Упивается своей праведностью, неукоснительным следованием догмам Кодекса!

Но дикарка не должна доехать до границ Овечьих земель. Так решил он – Мангольд – потерявший разум и волю, влюбившийся в прекрасную деву снаружи, и ужасное порождение Самородных земель изнутри!..

– Сыч! – подозвал Мангольд одного из разведчиков. К нему тут же приблизился крепкий невысокий родовит на сосновом жеребце-чурбаке.

– Монбон!.. – склонил тот голову, готовый выполнить любой приказ.

– Скачи вперед и найди лучшее место для ночлега. Встанем лагерем.

Питит, который, казалось, всю дорогу провел в молчаливом монологе, услышав приказ, встрепенулся, подъехал к Мангольду.

– Монбон? Я не ослышался?

– Не ослышался. Мы заночуем. Безбрежье только что послало мне предупреждение: мертвая лиса на дороге; ее клевал орел.

– Орел?! Но… я ничего не заметил!

– Значит тебе стоит быть внимательнее.

Ворон прищурился, кинул едкий, прожигающий взгляд. Мангольд понял: Питит не верит ни единому его слову.

– И большой орел был?

– Нет! – нервно дернул поводьями Мангольд. – Обычный! Он выклевывал лисице глаз, как раз в тот момент как отряд появился на тропе. Я не хочу рисковать людьми!

– Я тоже, – кивнул Питит и взглядом дал свое разрешение ожидавшему тут же Сычу.

Воин, кивнув в ответ, ускакал по тропе вперед.

– Орел и лисица… – Питит разоблачающе заглянул в глаза монбону. – Как гласит предзнаменование? – «Увидел орла, терзающего лисицу, остановись, и дождись первых лучей нового дня. Впереди ночь»…

– …«Впереди поджидает большая беда», – закончил Мангольд фразу, известную каждому овечечнику с раннего детства.

Порой было легче умереть, чем пойти против предвестия, даруемого бохками[1] Безбрежья. Ведь, как известно, предзнаменование на то и предзнаменование, чтобы уберегать от того, что обязательно сбудется. Если ему не последовать.


Посланный вперед Сыч быстро нашел подходящее место. Вернувшись за отрядом, он привел обоз к открытой поляне, протянувшейся вдоль неглубокого чистого ручья шириной в тридцать шаков[2].

– Неплохое место, – похвалил Мангольд воина.

– Но не стоит терять бдительности, – предупредил Ворон и указал на лесной массив, темневший грозной стеной в двухстах шаках от родовитов. – Карта указывает на то, что отсюда начинаются западные врата Гиблого леса. Огромного и проклятого. Близится закат, и мне такое соседство не нравится.

Питит спешился, потоптался на месте, разминая затекшие члены, махнул перчаткой паганам:

– Разжечь по периметру семь костров! Повозку с пленной мерзокровкой закатите в центр!

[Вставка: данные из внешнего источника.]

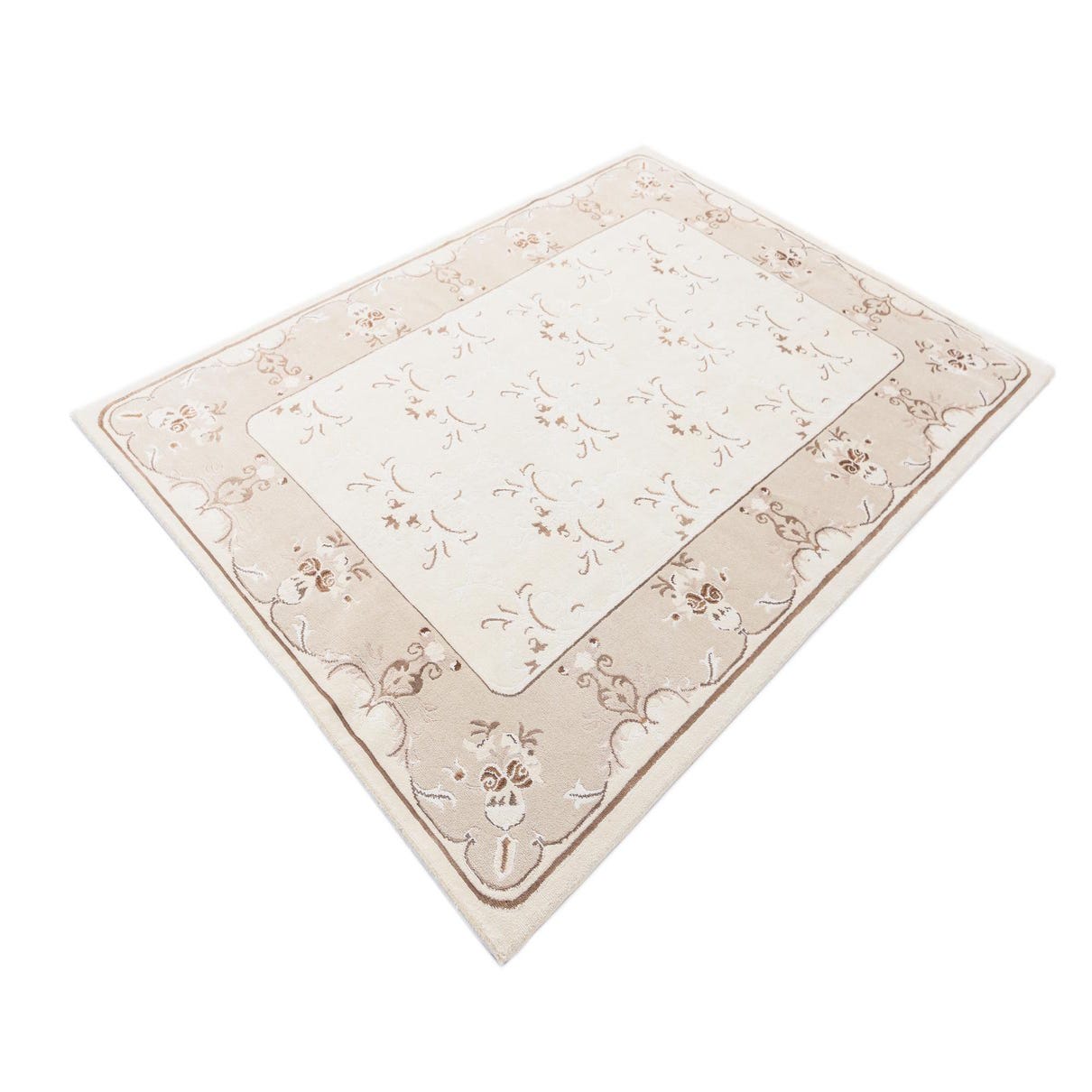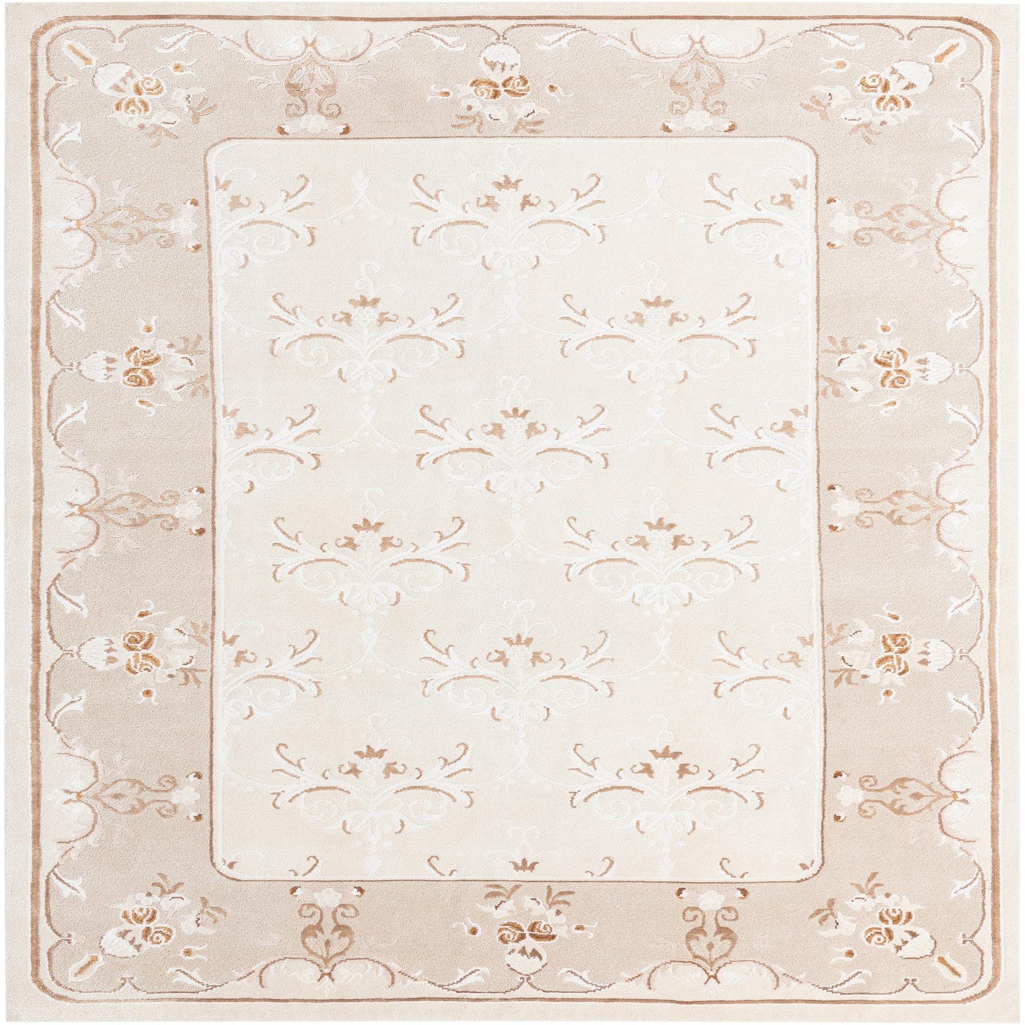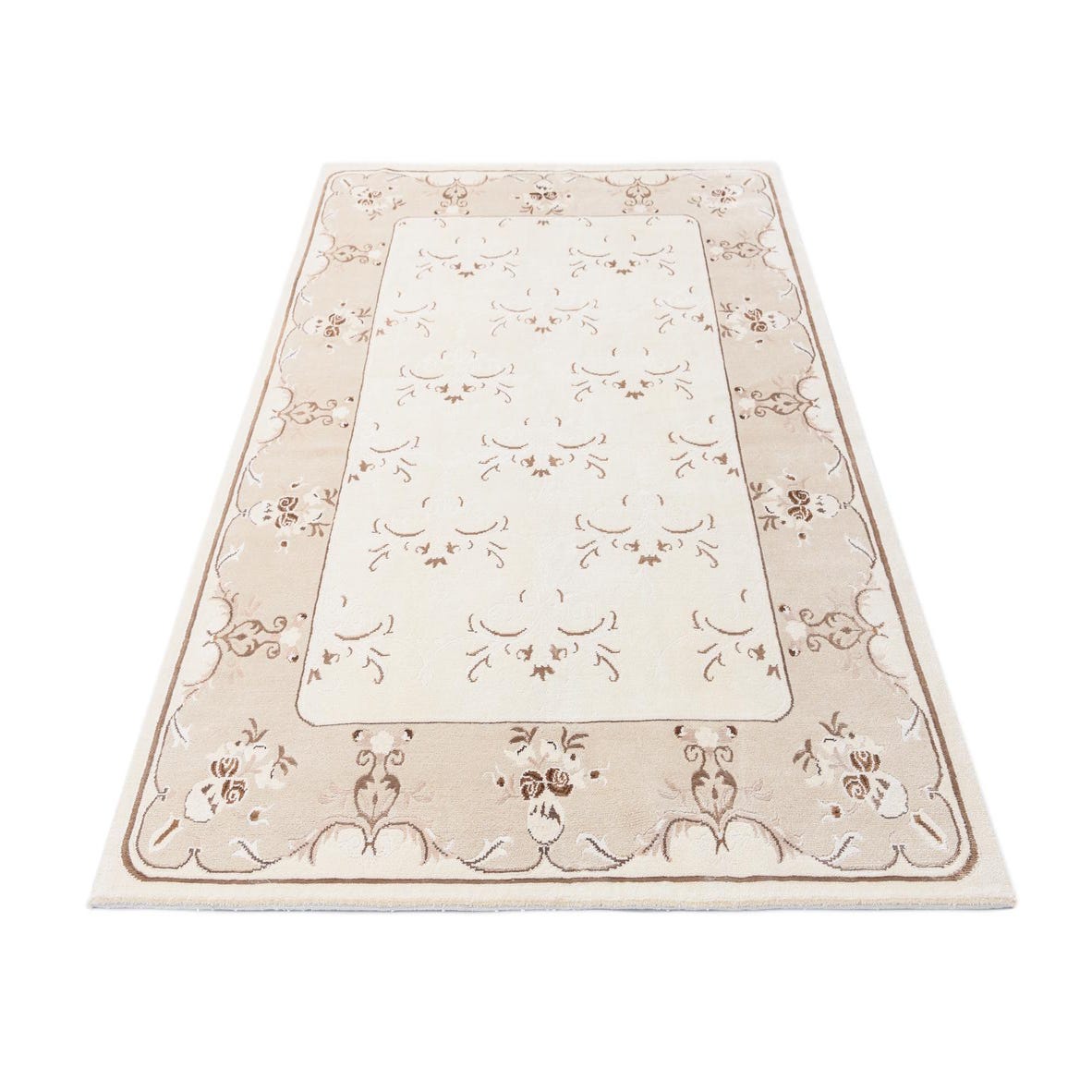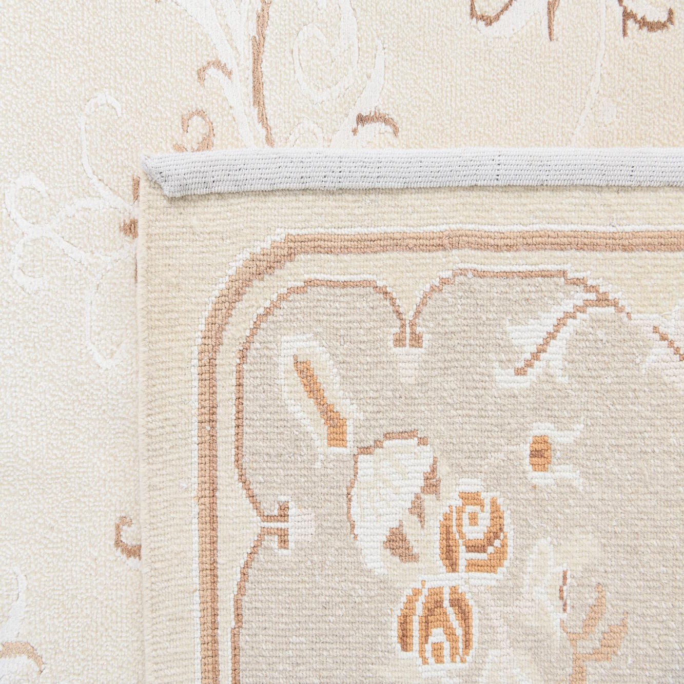 The Darya Collection presents a hand-knotted rug crafted from 100% wool, measuring 5x8 feet, and showcases a classic design that harmoniously blends into a range of interiors. The rug features an ornate pattern with subtle floral motifs, creating an elegant and timeless aesthetic. Colors present in the rug include a neutral beige background, complemented by accents of brown, ivory, and light brown which add depth and intricate detail to the design.
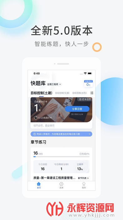 快题库app是职称考证必备精品题库,软件上有着海量的题库资源,和众多的精品直播课程,能够帮助用户们更加轻松的进行学习,能够快速的掌握各个知识点,通过刷题练习巩固学到的知识,并且软件还会自动为您生成错题本,方便大家随时查看做错的题目,进行复习,让学习更加高效!感兴趣的朋友们就来下载体验吧!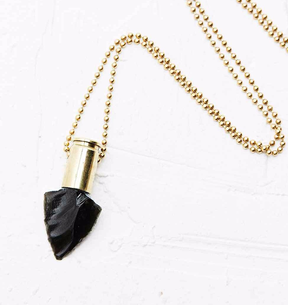 Pendentif flèche obsidienne noir et doré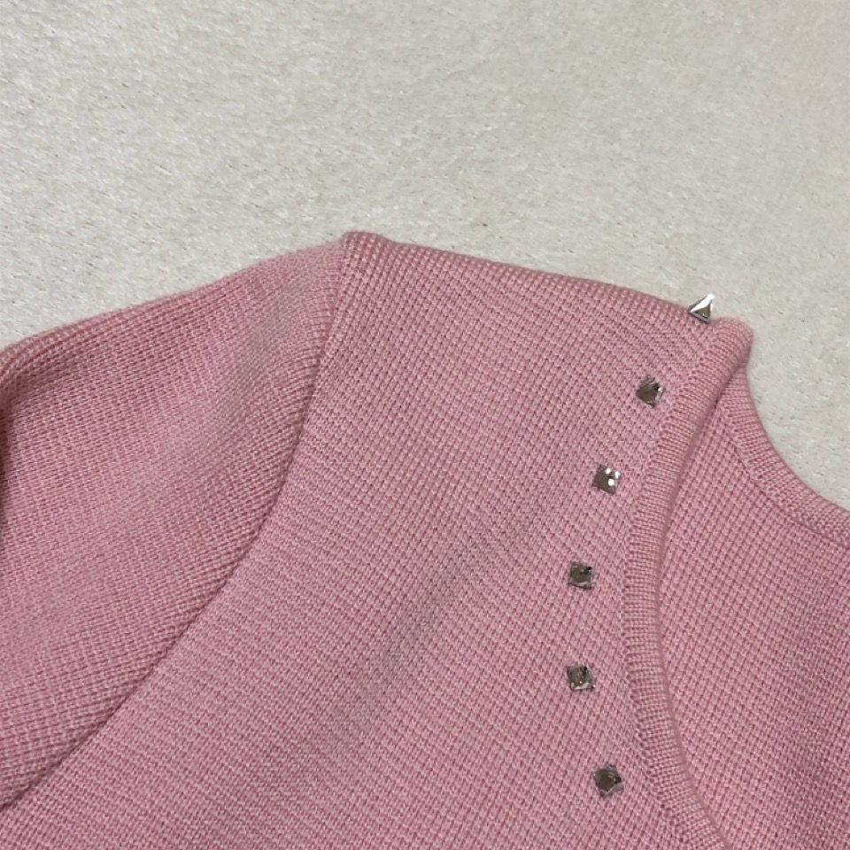 BLUMARINE ブルマリン ブルーガール イタリア製 ピンク ニット ワンピース 膝丈 スタッズ ラインストーン サイズXS ウール BLACKFEMALETHERAPIST_ORG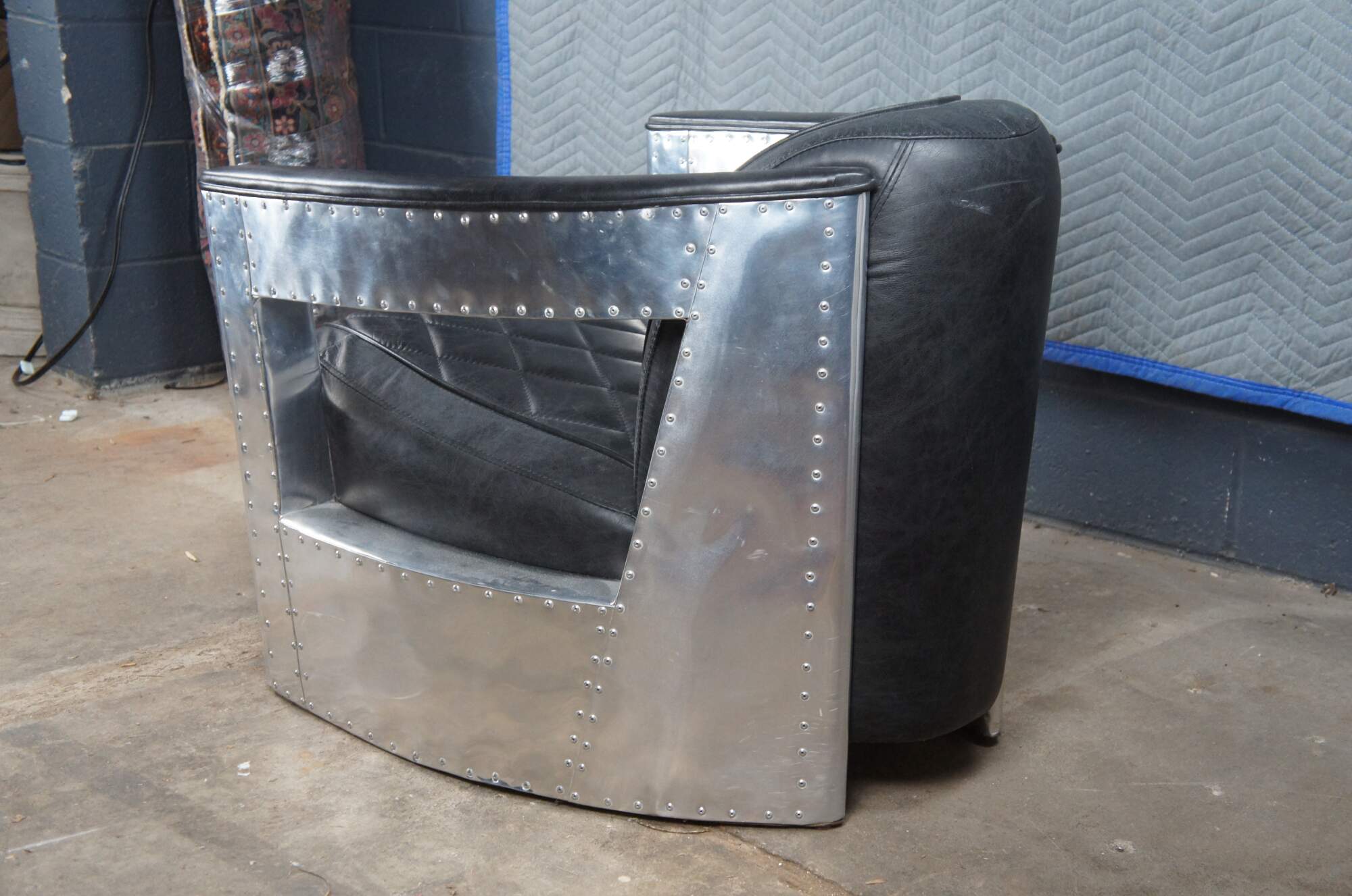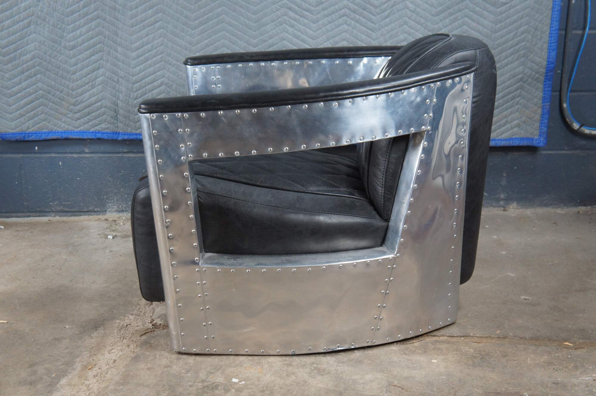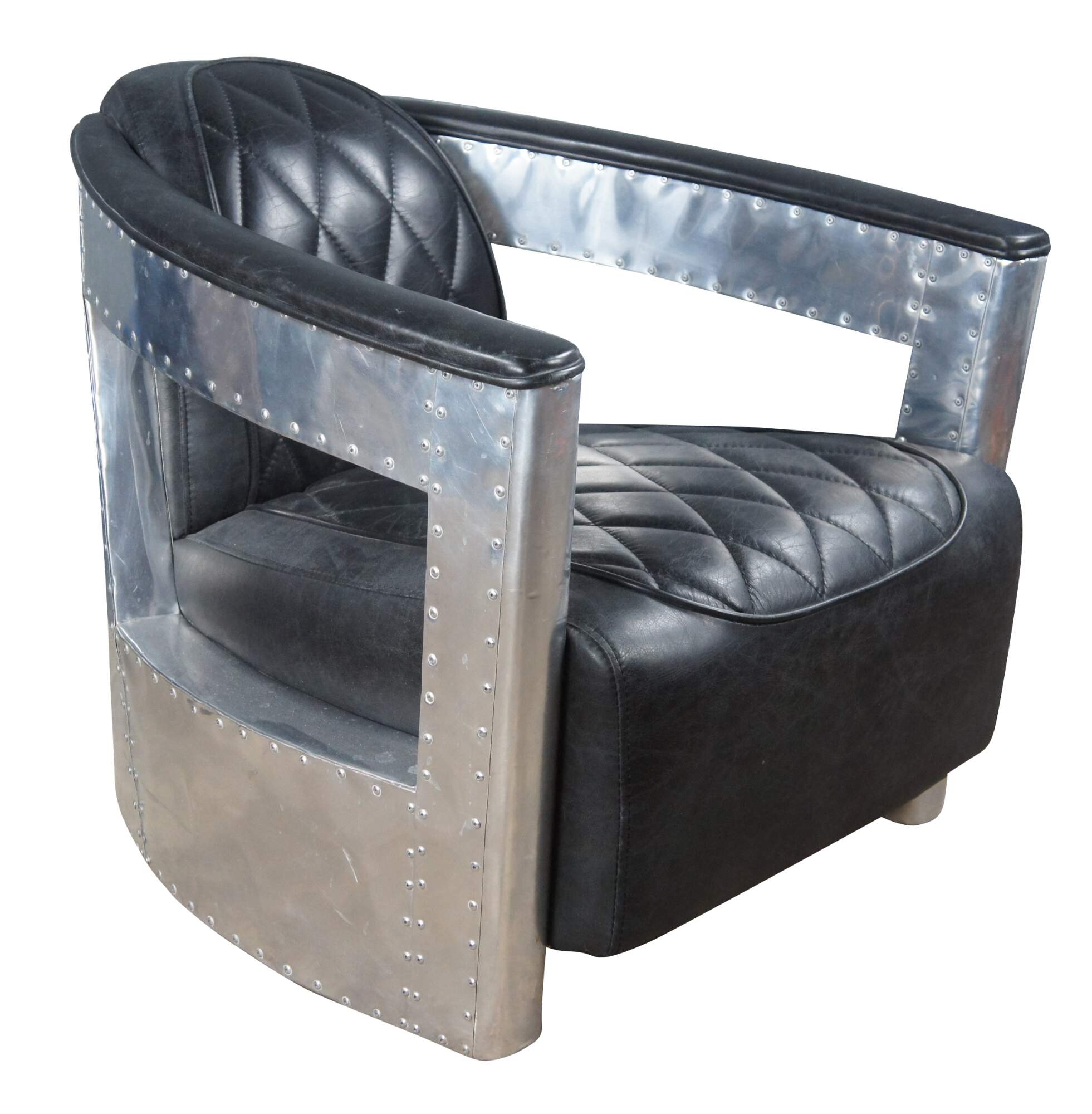 Vintage aviator pilot office / lounge chair featuring black leather diamond stitch upholstery with padded sloped arms and aluminum / chrome body with nailhead trim. Made by Home Meridian International a division of Hooker Furniture.

Мангольд отвел глаза, опасаясь, что кто-то увидит в них вскипающее возмущение.

Как же ему хотелось ускользнуть от цепких глаз Ворона и под покровом ночи подойти к клетке Яции! Подать ей бурдюк со сладким пьянящим вином, встретиться глазами, прикоснуться, утолить ее жажду; как хотелось видеть ее пунцовые губы, жадно ловящие струйки проливающейся влаги…

Мангольд тряхнул головой, отгоняя наваждение. Но думы о прекраснице не отпустили. Как же гадко, что разбойничья повозка оказалась затянута дерюгой! Об этом позаботился Питит, опасавшийся магии коварной дикарки.


Треск поленьев в кострах разбавляло лишь поскрипывание сучьев, оживавших под напором холодного настойчивого ветра, да слышался тревожный крик сов-сычиков, прятавшихся где-то среди черных крон уснувших деревьев.

Тушки пойманных в дороге зайцев, судя по аромату, витавшему над лагерем, уже приготовились. Мясо запеклось до темной корочки, оно аппетитно истекало жирными каплями, шипевшими в белой, с огненными всполохами, золе большого походного костра.

– Нужно покормить пленницу. Я мог бы отнести пищу, – Мангольд постарался придать голосу безразличный тон, но не сильно преуспел, так как Питит, и даже некоторые родовиты, гревшиеся рядом, неодобрительно закачали головами и зацокали языками.

– Будьте благоразумны, монбон! – напряженно предупредил Ворон. – Такие развлечения – не для малородов. Даже если отродье – Ваш личный трофей. – В присутствии гнути и ничего не подозревавших воинов, Ворону приходилось тщательно подбирать нужные слова, чтобы не уронить честь хозяина. – Покормит паган. Пленница получит еду последней, как этого требует порядок!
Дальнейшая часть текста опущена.